# Available data:
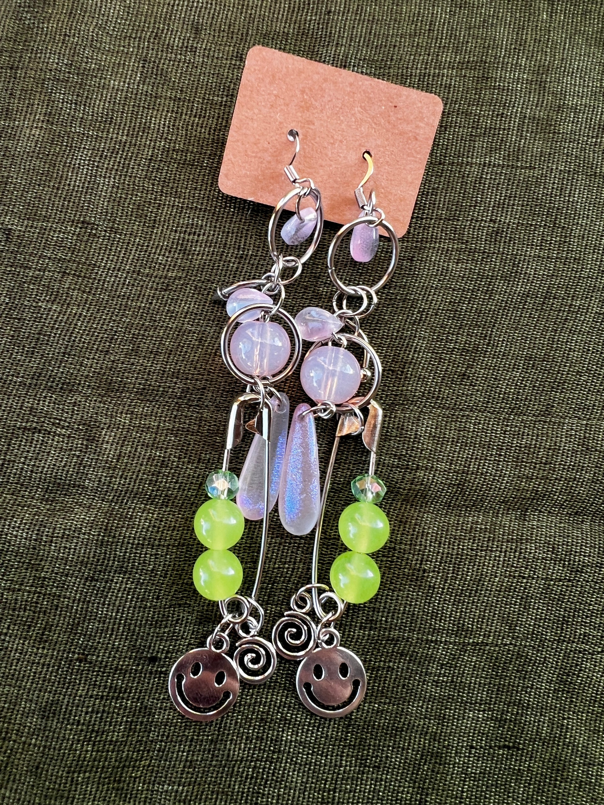 - stainless steel hardware and hooks - 4.5 inches - steel, glass and plated charms - glass beads - new and reclaimed charms
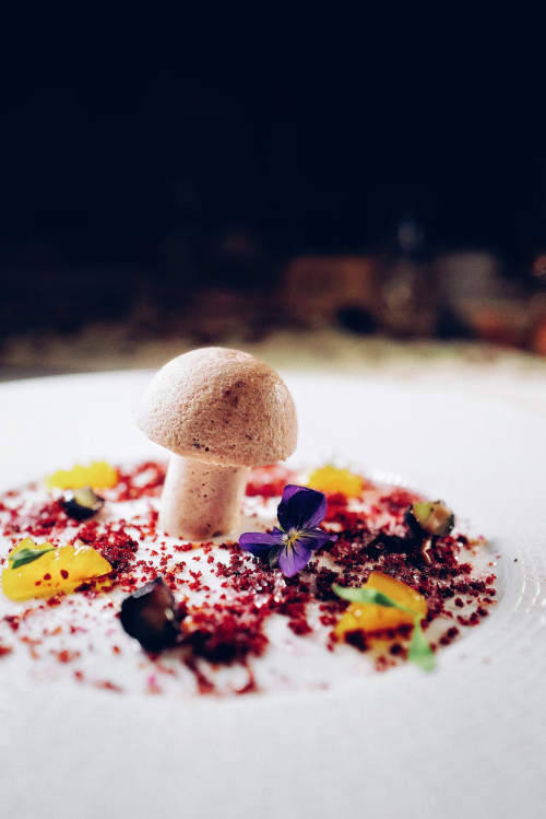 云南是一座彌漫玫瑰花香的城市,在鮮花盛開的季節(jié),我們用玫瑰花制作成醬,花香濃郁,齒頰留香,菌菇形狀的冰激凌與第一道菜“香格里拉的濕地”首尾呼應,完美收官。
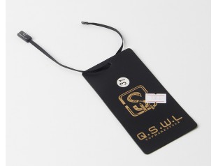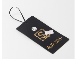 此款商標吊牌廠家選用黑卡紙,商標燙金,黑卡紙是特種紙的一種,其表面平整光滑,挺度好,拉力好,耐破度高此款吊牌設計選用了黑色作為主體色,搭配醒目燙金的LOGO,更彰顯其品牌價值吊牌設計采用了經(jīng)典的黑色和金色配合,沉靜的黑色能隱去燥熱,璀璨的金色能喚起您喜悅的心情
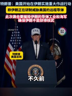 美国东部时间2时30分(北京时间15时30分)许,美国总统特朗普说,美国正在伊朗展开大规模军事行动,要把伊朗导弹工业“夷为平地”。特朗普还称伊朗正在研制威胁美国的远程导弹。此次袭击要摧毁伊朗的导弹工业,消灭伊朗海军,并确保伊朗不能获得核武器。
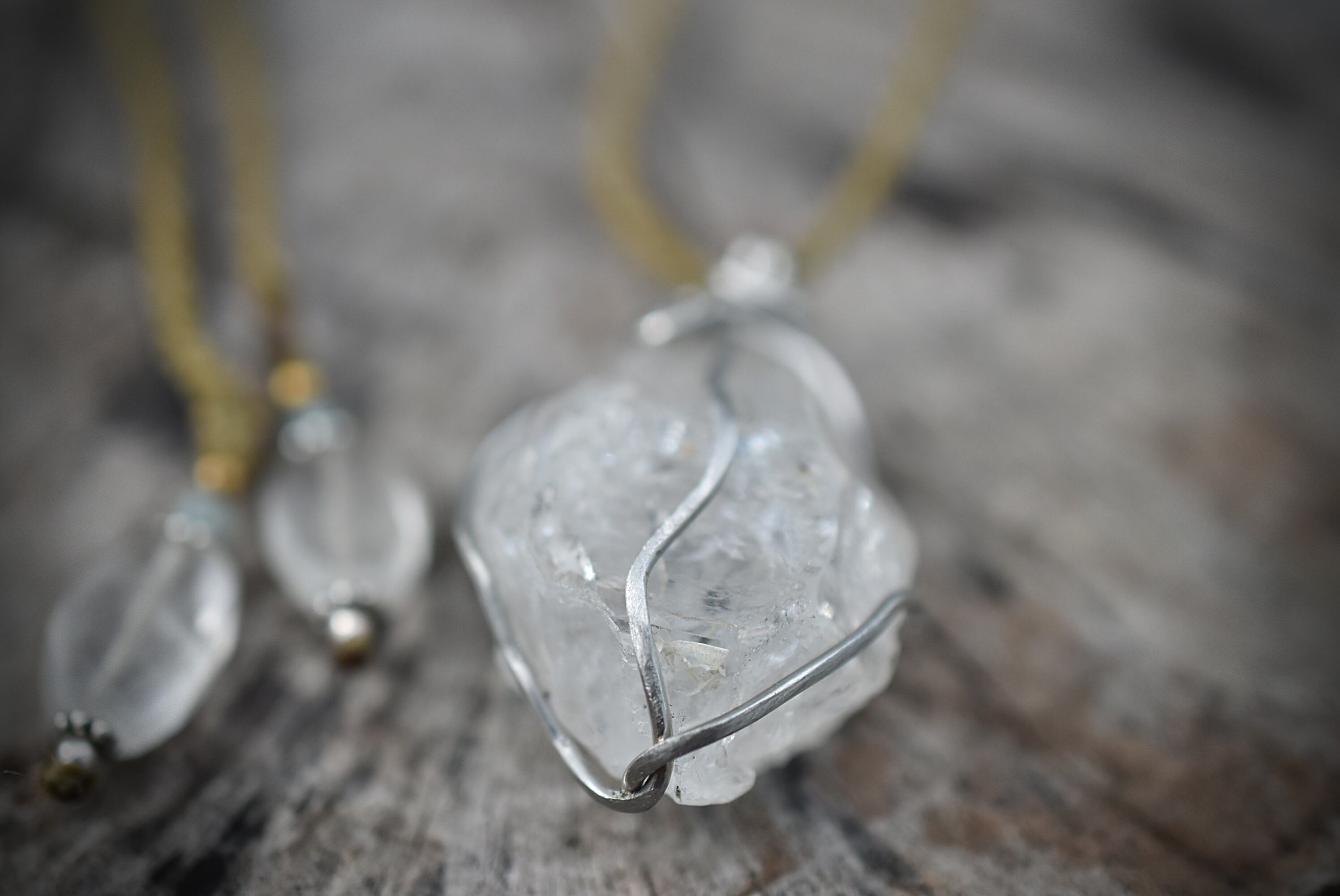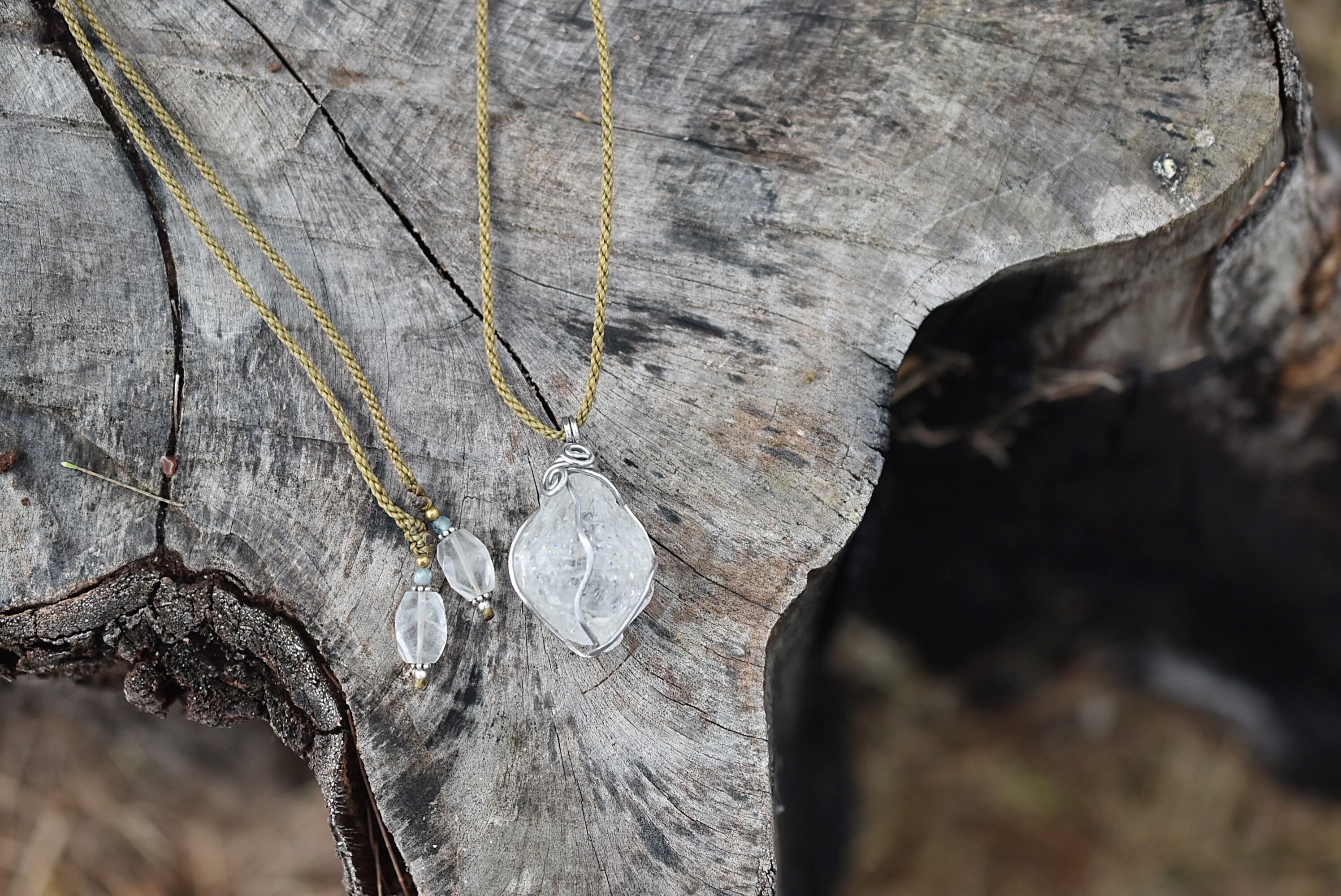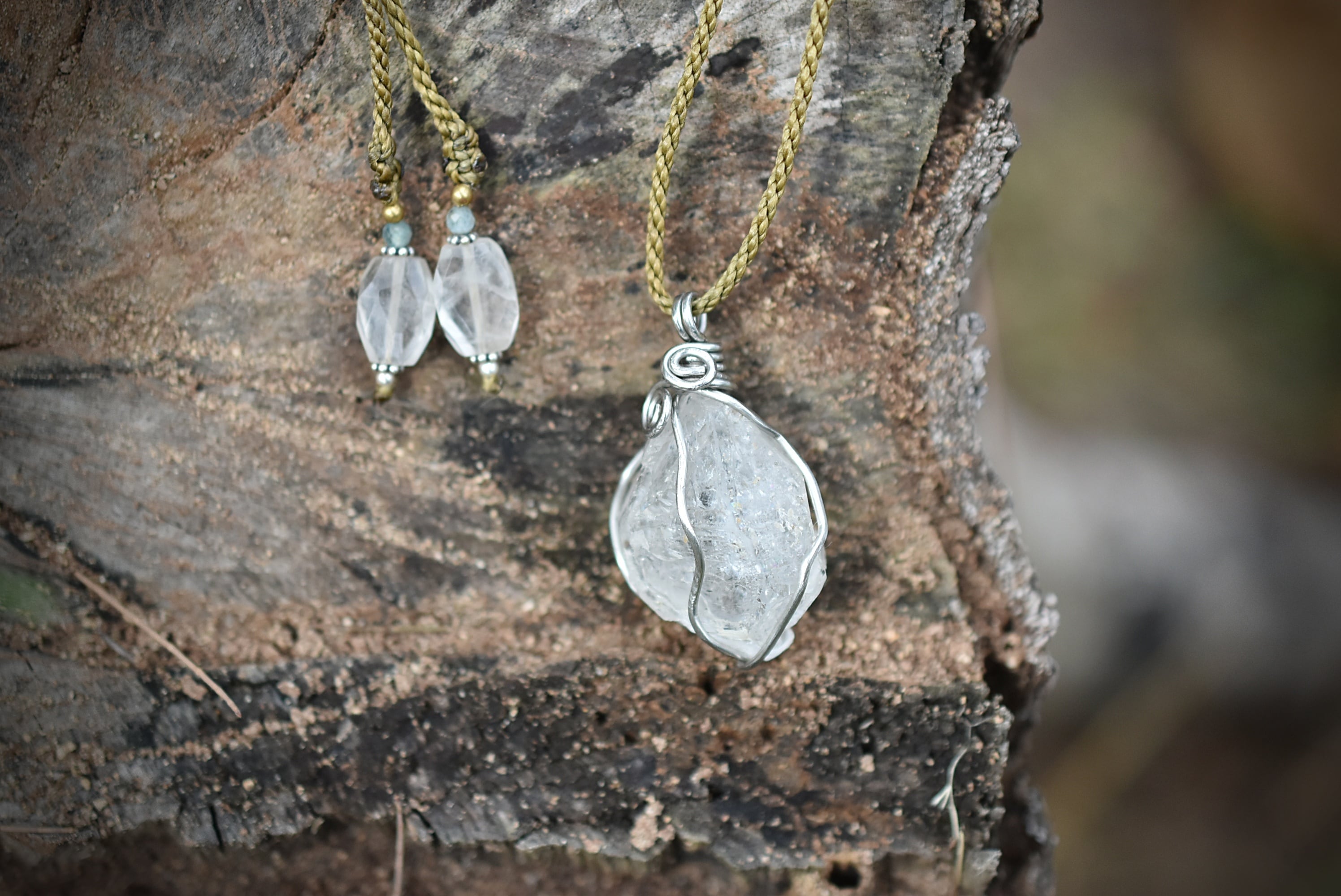 虹入り★ハーキマー水晶原石 ワイヤーワークネックレス1210

# Task details:
When you retype the data above, match every line exactly and leave the pictures behind.

# Task answer:
 - stainless steel hardware and hooks - 4.5 inches - steel, glass and plated charms - glass beads - new and reclaimed charms
 云南是一座彌漫玫瑰花香的城市,在鮮花盛開的季節(jié),我們用玫瑰花制作成醬,花香濃郁,齒頰留香,菌菇形狀的冰激凌與第一道菜“香格里拉的濕地”首尾呼應,完美收官。
 此款商標吊牌廠家選用黑卡紙,商標燙金,黑卡紙是特種紙的一種,其表面平整光滑,挺度好,拉力好,耐破度高此款吊牌設計選用了黑色作為主體色,搭配醒目燙金的LOGO,更彰顯其品牌價值吊牌設計采用了經(jīng)典的黑色和金色配合,沉靜的黑色能隱去燥熱,璀璨的金色能喚起您喜悅的心情
 美国东部时间2时30分(北京时间15时30分)许,美国总统特朗普说,美国正在伊朗展开大规模军事行动,要把伊朗导弹工业“夷为平地”。特朗普还称伊朗正在研制威胁美国的远程导弹。此次袭击要摧毁伊朗的导弹工业,消灭伊朗海军,并确保伊朗不能获得核武器。
 虹入り★ハーキマー水晶原石 ワイヤーワークネックレス1210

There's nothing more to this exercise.